SPRINGFIELD — A high court decision this week holding that state law still treats property rights of married and unmarried couples differently has been altered.

The crux of the decision that upheld an old precedent against cohabiting couples is still very much intact. But the justices struck language suggesting the same-sex couple at the center of the case could have done more to acquire the same rights as married couples.

In the initial version of the opinion released Thursday, Jane E. Blumenthal v. Eileen M. Brewer, the majority justices wrote that it was not irrational to keep those rights from a same-sex couple even though gay marriage was only recently legalized. The couple still had recourse, Justice Lloyd A. Karmeier wrote.
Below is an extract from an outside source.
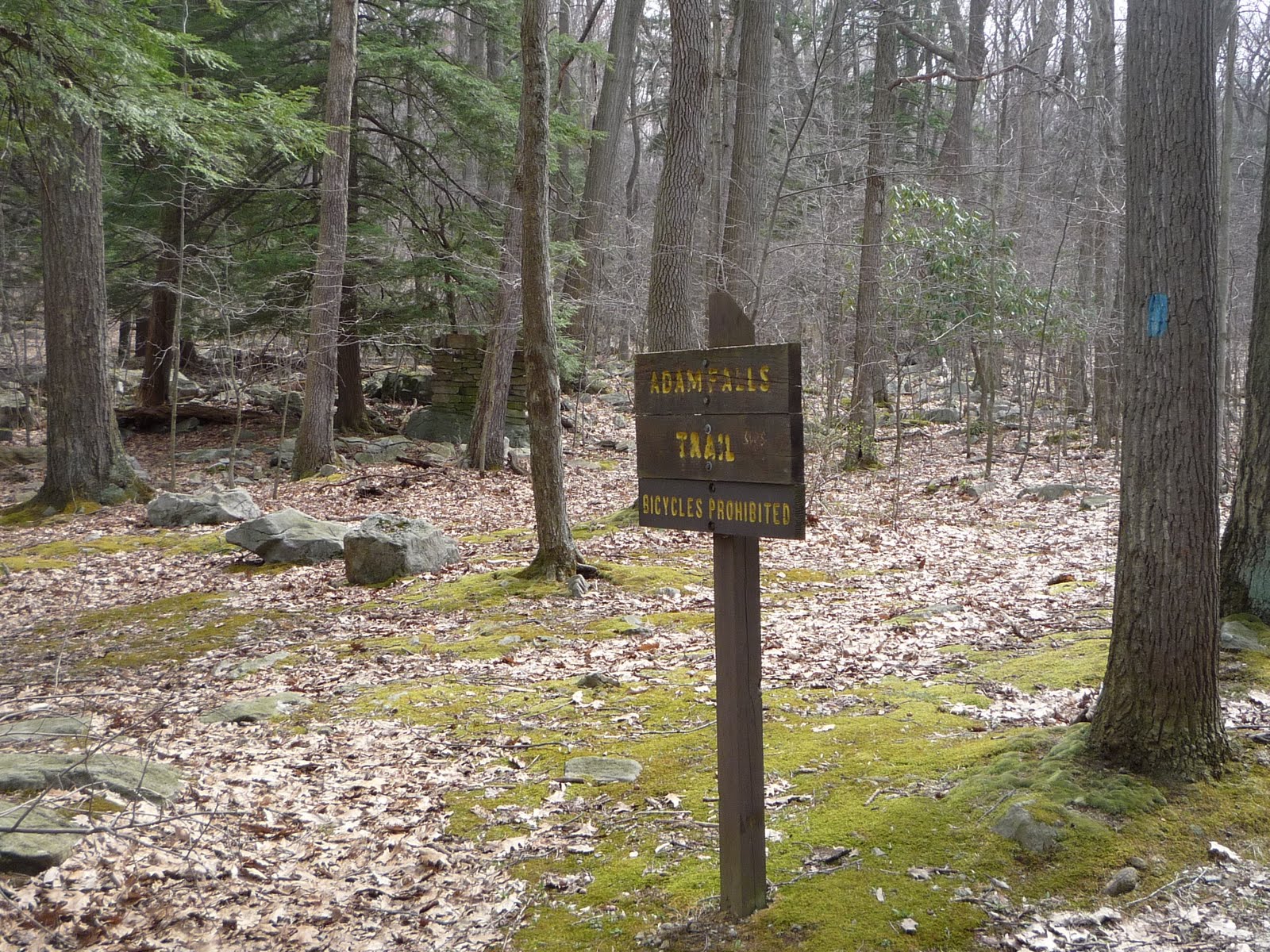 Выехали не так чтобы рано, около половины одиннадцатого, заправились на GetGo ($2.85/галлон был скинут до $1.45) и по Pennsylvania turnpike (I-76/70, $2.95) без приключений добрались до места. Чтобы размять ноги, остановились у полянки для пикников Adam Falls (Водопады Адама). Где-то рекомендовалось пройти петлю длиной одну милю к этим самым водопадам. Что оставалось делать – пошли.

In short, the couple could have gotten married in another state like Massachusetts, an early adopter of same-sex marriage, “despite the inconvenience,” the justices wrote.

Illinois would not have recognized the marriage, the court acknowledged, but then Eileen Brewer and Jane Blumenthal could have filed claims similar to the ones in the 2013 U.S. Supreme Court case United States v. Windsor, which held that limiting marriage to heterosexual couples under certain federal laws was an equal protection violation.

Or the couple could have filed a constitutional case against Illinois’ now-defunct ban on same-sex marriage, much like the plaintiffs did in the 2015 U.S. Supreme Court case Obergefell v. Hodges, which legalized gay marriage across the country.

“Yet, Blumenthal and Brewer chose none of these options,” the Illinois Supreme Court’s 5-2 majority opinion stated. “In light of the possible remedies available at the time of the former domestic partners’ relationship, Brewer cannot now claim that her state and federal due process and equal protection rights were violated.”

But the high court backed away from that reasoning Thursday afternoon. That’s when it posted an updated version of the opinion with the relevant section, Paragraph 88, omitted. The court did not explain its rationale for updating or correcting the opinion.

The case stemmed from a dispute between Cook County Circuit Judge Brewer, and Blumenthal a physician, who shared a Chicago home and raised children together for years before ending their relationship in 2008.

When Blumenthal filed claims to divide ownership of the home in court, Brewer countered with a handful of claims of her own, including ones dealing with unjust enrichment and equitable division.

A lower court ruled that the 1979 Illinois high court decision in Hewitt v. Hewitt, which relied on a state law prohibition against common law marriage, barred Brewer’s counterclaims.

An appellate court ruled in Brewer’s favor, noting the public policy tide has shifted dramatically in favor of what some would consider “untraditional” relationships since the Hewitt decision. Cohabitation is no longer criminalized; same-sex couples, nonmarried couples and their children have more rights now and that the old precedent no longer makes sense, the panel found..

But the justices ruled the appellate court overstepped its authority in trying to overturn Hewitt, and that “despite all of these numerous changes to other family-related statutes, the statutory prohibition against common law marriage set forth in [S]ection 214 of the Marriage and Dissolution Act has remained completely untouched and unqualified.”

Michael T. Reagan, a sole practitioner in Ottawa who has brought hundreds of cases to the Supreme Court, said while there was a lot of attention on the merits and details of the case, the decision placed an important focus on fundamentals.

“I think this case is yet another example of why it is invaluable to constantly follow the work of the Supreme Court,” said Reagan, who was not involved in the case. “The opinion taught lessons about fundamental concepts such as appellate jurisdiction and the hierarchical structure of the court system. The court has made it clear in several recent opinions that an appellate court must follow Supreme Court opinions and that one appellate panel may not overrule any other appellate panel.”

But a partial dissent, authored by Justice Mary Jane Theis and joined by Justice Anne M. Burke, criticized the majority for doubling down on “an oddly myopic and moralistic view of cohabitation.”

They called the Hewitt decision a “sweeping and near-defamatory statement,” and one that “etched into the Illinois Reports the arcane view that domestic partners who choose to cohabit, but not marry, are engaged in ‘illicit’ or ‘meretricious’ behavior at odds with the foundational values of ‘our family-based society.”

They agreed with the majority’s handling of claims related to the couple’s home, but would have remanded to the trial court the lone claim dealing with the value of Blumenthal’s medical practice.

“Hewitt’s flaws, both linguistic and legal, have become more apparent with time. Our holding there is a court-made rule that this court should overrule,” Theis wrote.